Task:
Each line in the material below, starting at the one with "du doigt. Face" and ending at the one with "27 If an unbeliever", is to be reproduced exactly; no picture is to be copied.

Excerpted records:
┌────────

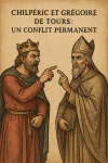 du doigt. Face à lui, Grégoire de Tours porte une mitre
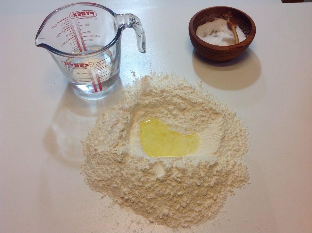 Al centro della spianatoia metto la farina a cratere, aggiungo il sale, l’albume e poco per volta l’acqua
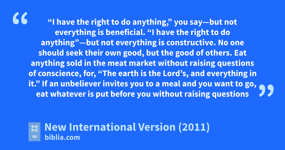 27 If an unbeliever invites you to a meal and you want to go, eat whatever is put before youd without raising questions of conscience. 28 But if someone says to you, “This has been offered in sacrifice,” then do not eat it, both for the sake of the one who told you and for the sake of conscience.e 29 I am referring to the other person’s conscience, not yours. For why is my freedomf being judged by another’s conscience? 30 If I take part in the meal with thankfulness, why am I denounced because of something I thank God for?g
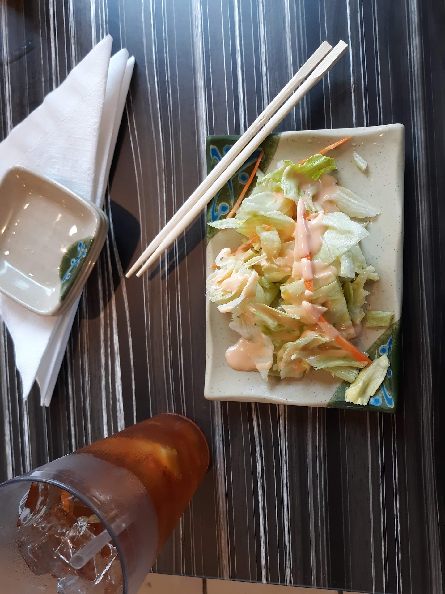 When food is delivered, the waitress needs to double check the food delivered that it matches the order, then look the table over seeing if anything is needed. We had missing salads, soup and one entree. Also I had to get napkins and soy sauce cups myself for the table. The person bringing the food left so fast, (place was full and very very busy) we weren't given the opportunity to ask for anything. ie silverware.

└────────
┌────────

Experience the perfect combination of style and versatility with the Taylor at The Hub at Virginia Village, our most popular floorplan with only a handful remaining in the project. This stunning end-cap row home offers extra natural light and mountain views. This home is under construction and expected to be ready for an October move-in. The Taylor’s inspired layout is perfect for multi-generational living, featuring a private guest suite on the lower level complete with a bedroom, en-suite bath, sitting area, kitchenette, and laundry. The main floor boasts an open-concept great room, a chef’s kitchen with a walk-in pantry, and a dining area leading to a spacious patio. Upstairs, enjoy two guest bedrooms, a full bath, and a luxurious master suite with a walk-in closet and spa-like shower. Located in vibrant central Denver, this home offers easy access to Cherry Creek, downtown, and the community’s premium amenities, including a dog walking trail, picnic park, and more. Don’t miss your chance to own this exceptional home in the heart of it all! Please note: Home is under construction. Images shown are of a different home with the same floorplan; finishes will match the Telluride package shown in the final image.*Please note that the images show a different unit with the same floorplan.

└────────

Written response:
 du doigt. Face à lui, Grégoire de Tours porte une mitre
 Al centro della spianatoia metto la farina a cratere, aggiungo il sale, l’albume e poco per volta l’acqua
 27 If an unbeliever invites you to a meal and you want to go, eat whatever is put before youd without raising questions of conscience. 28 But if someone says to you, “This has been offered in sacrifice,” then do not eat it, both for the sake of the one who told you and for the sake of conscience.e 29 I am referring to the other person’s conscience, not yours. For why is my freedomf being judged by another’s conscience? 30 If I take part in the meal with thankfulness, why am I denounced because of something I thank God for?g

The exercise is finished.